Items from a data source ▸
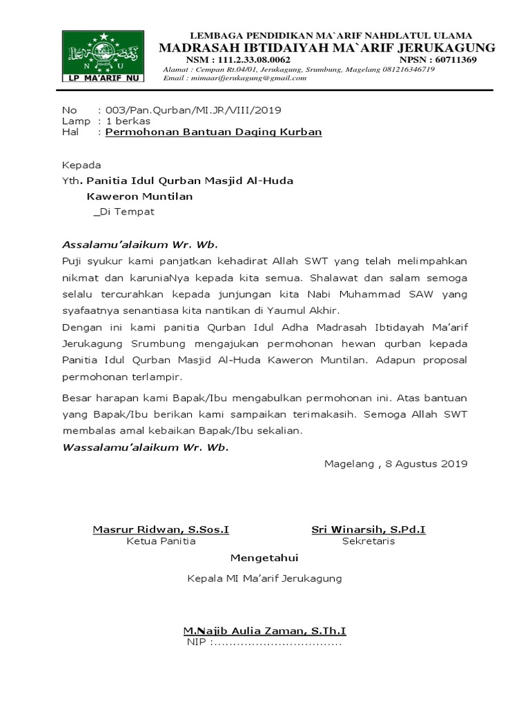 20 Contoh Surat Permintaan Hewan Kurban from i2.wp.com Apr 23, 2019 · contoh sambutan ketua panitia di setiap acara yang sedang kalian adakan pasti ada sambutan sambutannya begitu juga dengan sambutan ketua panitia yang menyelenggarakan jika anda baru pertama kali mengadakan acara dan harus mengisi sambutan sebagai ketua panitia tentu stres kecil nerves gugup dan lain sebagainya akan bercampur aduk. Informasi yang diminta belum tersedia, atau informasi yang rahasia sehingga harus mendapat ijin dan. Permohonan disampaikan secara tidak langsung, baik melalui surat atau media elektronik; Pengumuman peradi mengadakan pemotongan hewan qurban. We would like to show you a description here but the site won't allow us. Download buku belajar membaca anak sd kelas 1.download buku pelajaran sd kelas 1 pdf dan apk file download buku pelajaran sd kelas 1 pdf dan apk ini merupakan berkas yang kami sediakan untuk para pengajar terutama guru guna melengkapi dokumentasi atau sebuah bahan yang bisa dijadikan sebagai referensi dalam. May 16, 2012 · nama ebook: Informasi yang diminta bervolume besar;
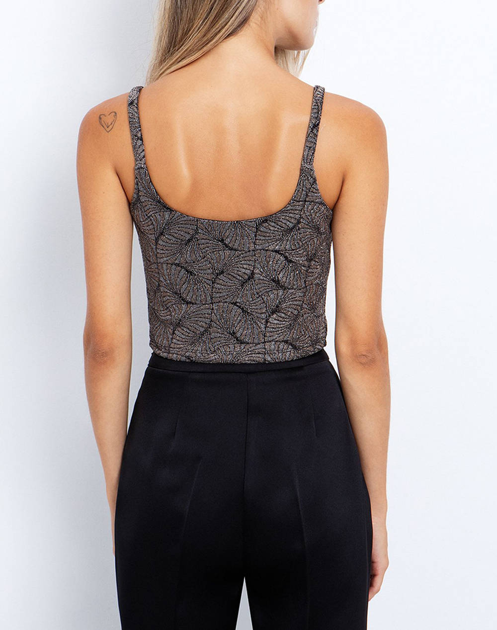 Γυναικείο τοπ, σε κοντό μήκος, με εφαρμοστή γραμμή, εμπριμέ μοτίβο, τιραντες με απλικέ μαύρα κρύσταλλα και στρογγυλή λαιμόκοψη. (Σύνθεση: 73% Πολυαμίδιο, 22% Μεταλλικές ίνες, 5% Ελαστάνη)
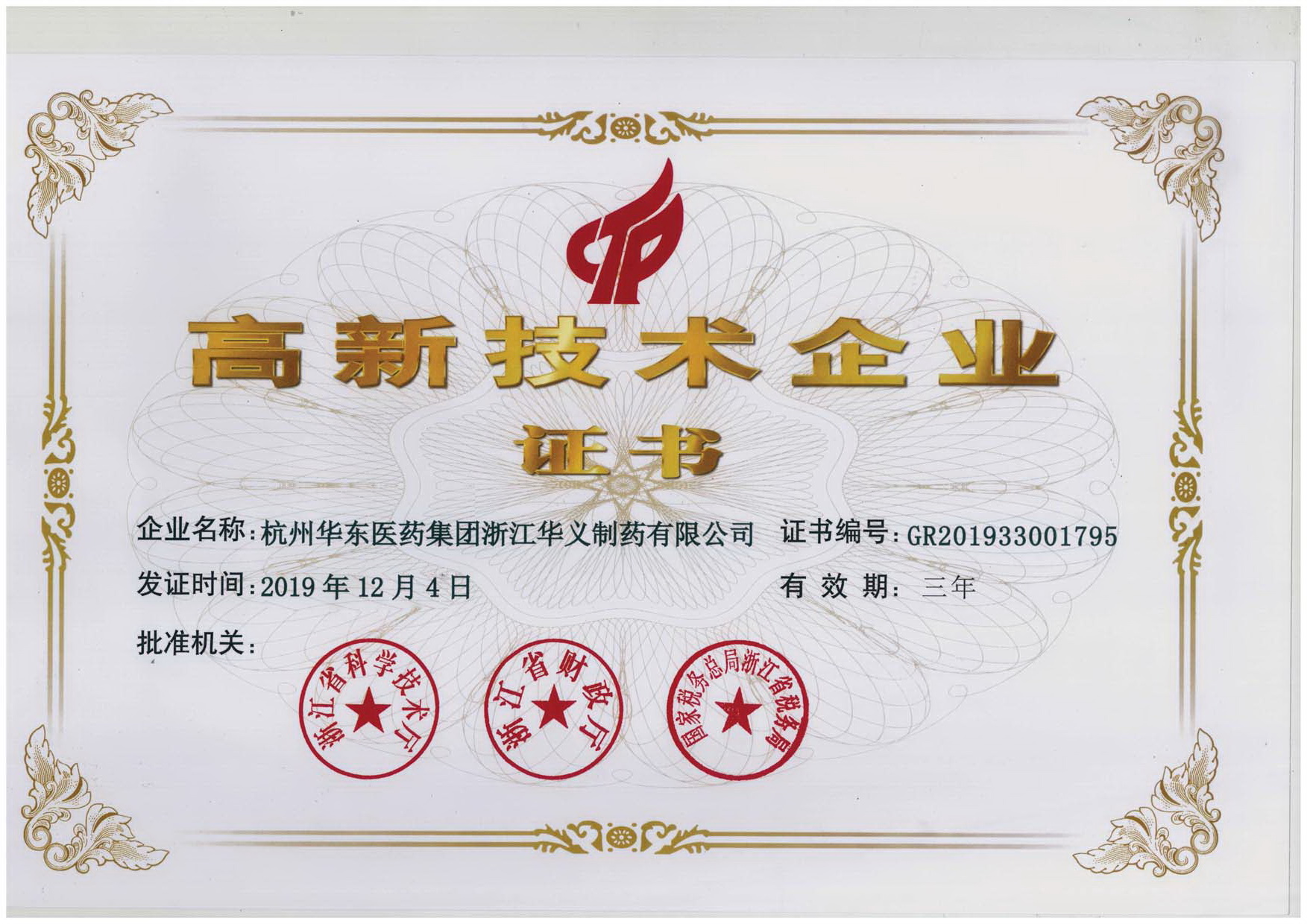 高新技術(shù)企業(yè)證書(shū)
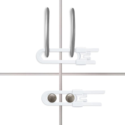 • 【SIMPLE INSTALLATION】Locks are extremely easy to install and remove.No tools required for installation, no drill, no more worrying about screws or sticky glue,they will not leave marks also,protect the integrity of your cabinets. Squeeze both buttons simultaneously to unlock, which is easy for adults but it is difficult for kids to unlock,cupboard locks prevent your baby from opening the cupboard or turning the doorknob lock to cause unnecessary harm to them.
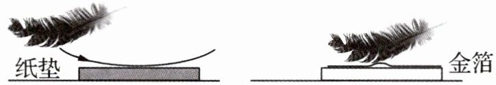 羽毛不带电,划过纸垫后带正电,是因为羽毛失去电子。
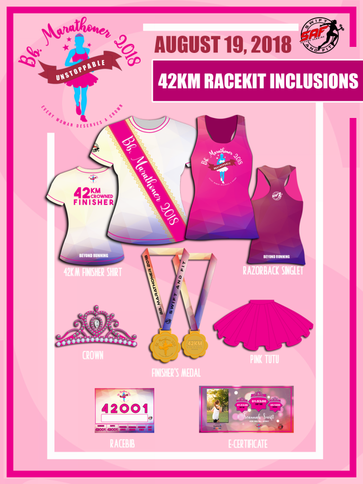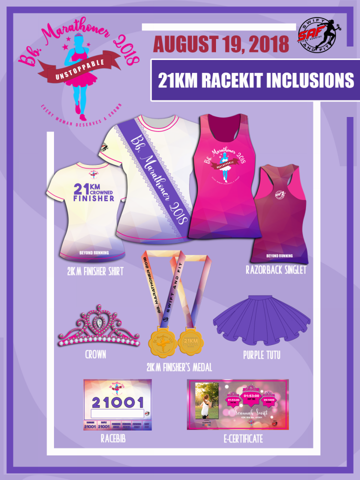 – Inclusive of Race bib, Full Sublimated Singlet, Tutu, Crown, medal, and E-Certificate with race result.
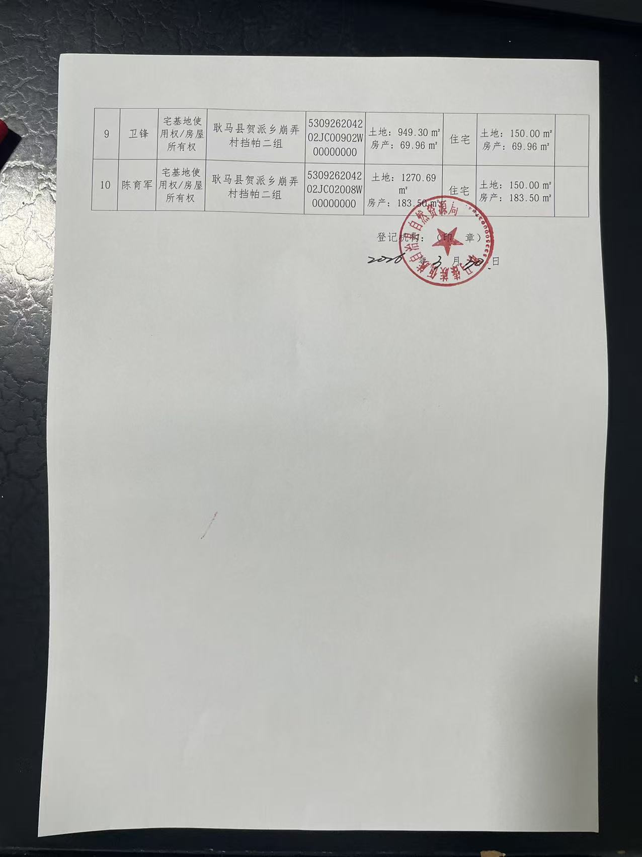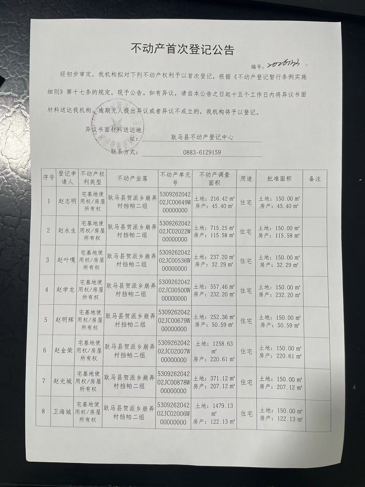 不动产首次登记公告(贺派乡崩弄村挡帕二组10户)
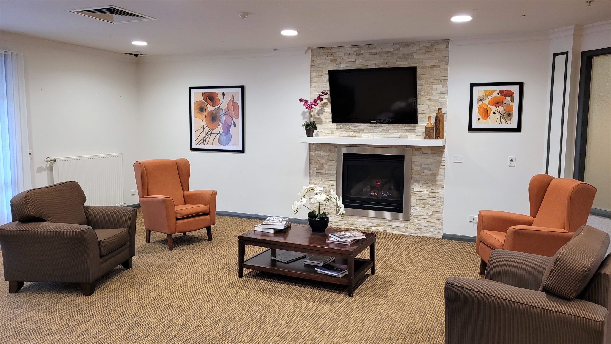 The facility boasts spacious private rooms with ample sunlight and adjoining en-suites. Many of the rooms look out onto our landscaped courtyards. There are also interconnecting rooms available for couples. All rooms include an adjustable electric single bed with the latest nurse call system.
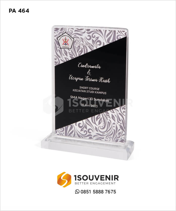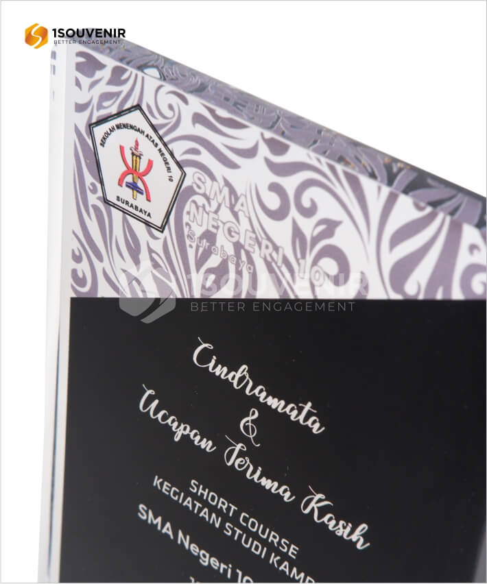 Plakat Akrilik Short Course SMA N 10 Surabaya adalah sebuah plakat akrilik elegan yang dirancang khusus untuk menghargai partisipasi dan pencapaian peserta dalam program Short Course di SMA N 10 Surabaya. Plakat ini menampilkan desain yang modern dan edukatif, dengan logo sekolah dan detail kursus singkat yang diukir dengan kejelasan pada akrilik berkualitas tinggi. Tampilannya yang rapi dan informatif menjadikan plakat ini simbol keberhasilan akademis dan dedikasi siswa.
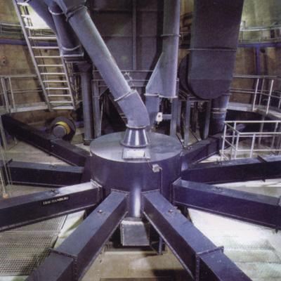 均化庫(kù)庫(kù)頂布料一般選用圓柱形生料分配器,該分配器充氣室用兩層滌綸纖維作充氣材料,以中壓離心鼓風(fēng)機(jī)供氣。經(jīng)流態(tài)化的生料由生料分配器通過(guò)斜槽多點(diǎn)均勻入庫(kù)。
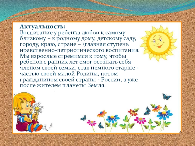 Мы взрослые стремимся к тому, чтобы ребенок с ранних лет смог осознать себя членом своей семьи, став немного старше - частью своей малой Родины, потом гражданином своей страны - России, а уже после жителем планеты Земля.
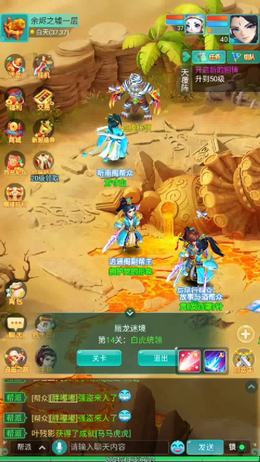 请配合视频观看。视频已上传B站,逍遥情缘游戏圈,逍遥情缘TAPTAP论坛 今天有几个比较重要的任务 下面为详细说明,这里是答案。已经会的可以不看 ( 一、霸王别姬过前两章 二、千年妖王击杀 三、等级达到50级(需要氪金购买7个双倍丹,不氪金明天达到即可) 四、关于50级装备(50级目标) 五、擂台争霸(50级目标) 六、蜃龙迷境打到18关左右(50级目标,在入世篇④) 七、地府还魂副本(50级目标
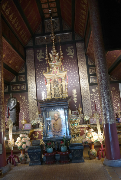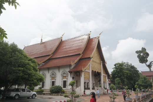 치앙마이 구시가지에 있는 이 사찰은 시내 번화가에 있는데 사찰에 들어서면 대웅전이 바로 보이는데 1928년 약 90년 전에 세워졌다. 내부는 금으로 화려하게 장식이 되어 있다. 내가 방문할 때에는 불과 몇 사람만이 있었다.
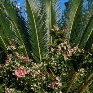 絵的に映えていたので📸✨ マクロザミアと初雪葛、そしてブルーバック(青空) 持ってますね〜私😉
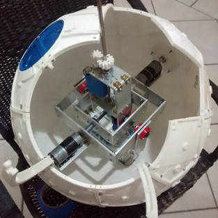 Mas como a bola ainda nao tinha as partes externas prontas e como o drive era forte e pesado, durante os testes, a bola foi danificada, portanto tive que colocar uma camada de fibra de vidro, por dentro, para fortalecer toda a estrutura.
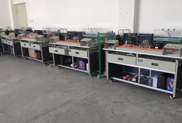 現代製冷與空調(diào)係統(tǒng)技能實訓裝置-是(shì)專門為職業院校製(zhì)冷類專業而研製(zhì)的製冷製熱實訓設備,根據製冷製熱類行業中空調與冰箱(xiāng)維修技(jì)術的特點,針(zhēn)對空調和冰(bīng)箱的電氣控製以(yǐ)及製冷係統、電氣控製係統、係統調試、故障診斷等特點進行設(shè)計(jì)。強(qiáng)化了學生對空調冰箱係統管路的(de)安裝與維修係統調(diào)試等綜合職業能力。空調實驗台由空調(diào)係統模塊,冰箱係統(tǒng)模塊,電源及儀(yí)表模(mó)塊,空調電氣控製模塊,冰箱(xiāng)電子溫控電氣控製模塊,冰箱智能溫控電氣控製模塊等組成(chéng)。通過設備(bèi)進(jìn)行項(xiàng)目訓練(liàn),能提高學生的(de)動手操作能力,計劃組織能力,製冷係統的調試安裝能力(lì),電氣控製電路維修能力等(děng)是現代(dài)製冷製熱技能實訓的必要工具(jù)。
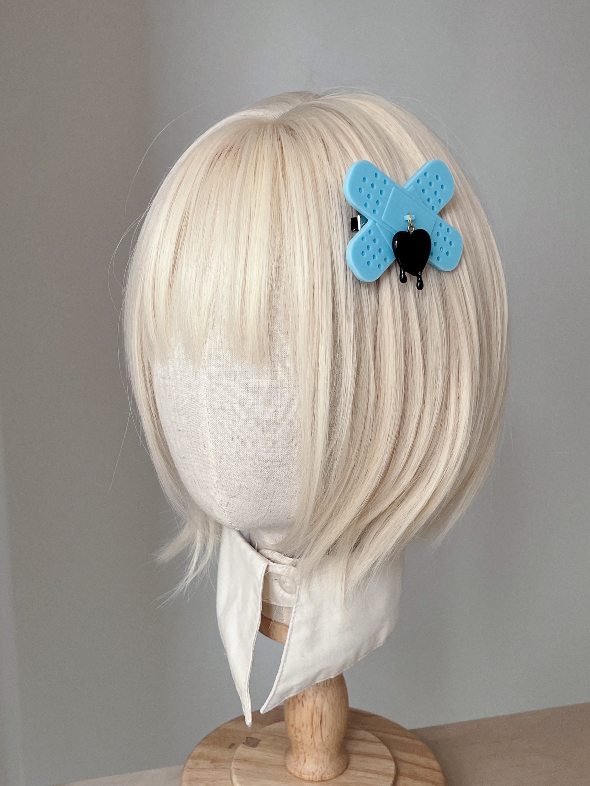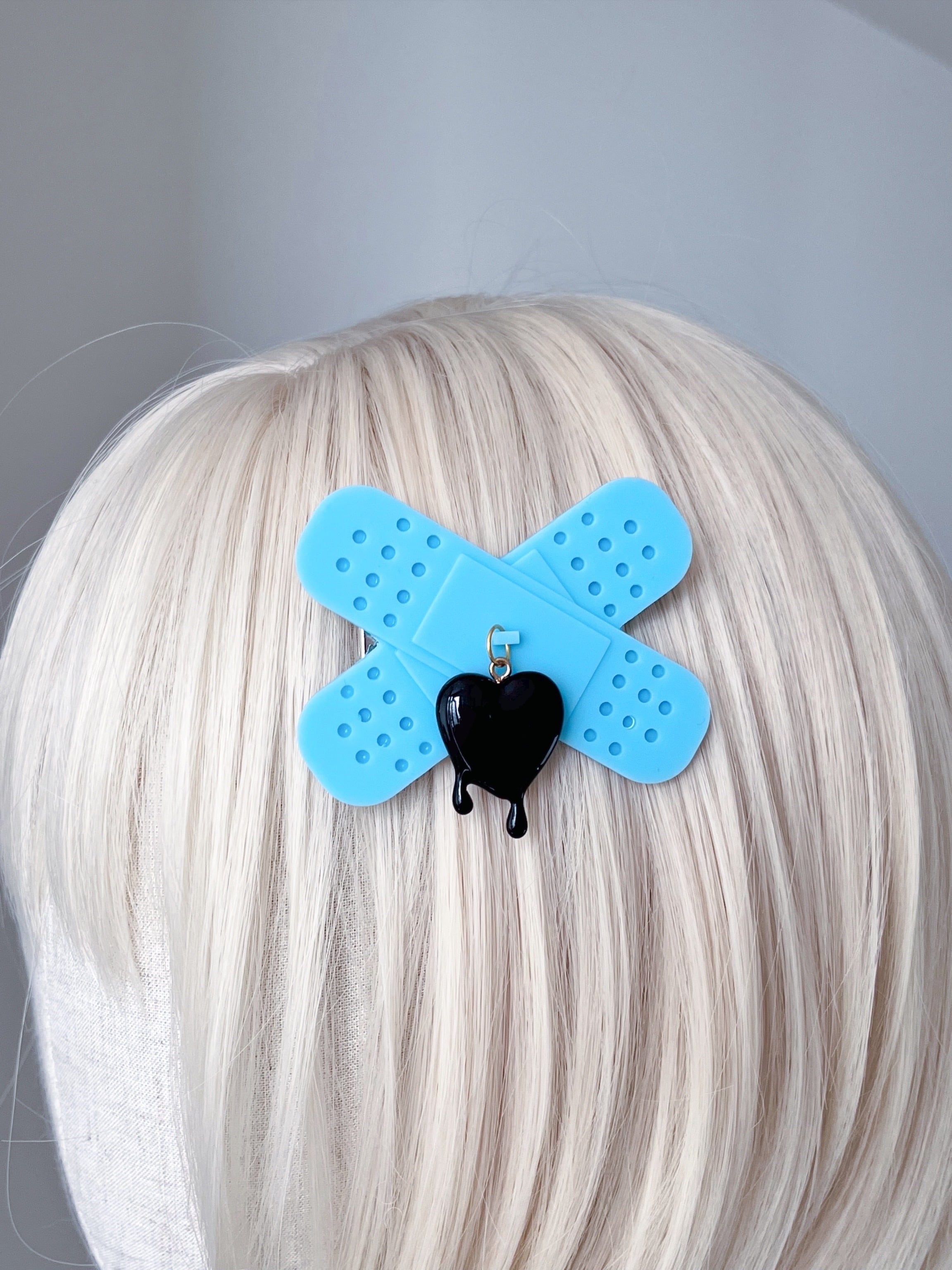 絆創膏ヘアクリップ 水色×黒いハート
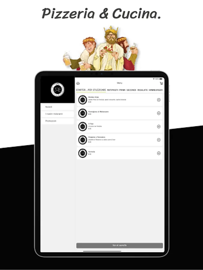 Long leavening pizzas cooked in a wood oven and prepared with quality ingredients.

Problem details ▸ Using the data above, give again exactly the lines starting at the one holding "不动产首次登记公告(贺派乡崩弄村挡帕二组10户)" and ending at the one holding "The facility boasts", inclusive, and nothing more. Omit the pictures.

Result of the task ▸
 不动产首次登记公告(贺派乡崩弄村挡帕二组10户)
 The facility boasts spacious private rooms with ample sunlight and adjoining en-suites. Many of the rooms look out onto our landscaped courtyards. There are also interconnecting rooms available for couples. All rooms include an adjustable electric single bed with the latest nurse call system.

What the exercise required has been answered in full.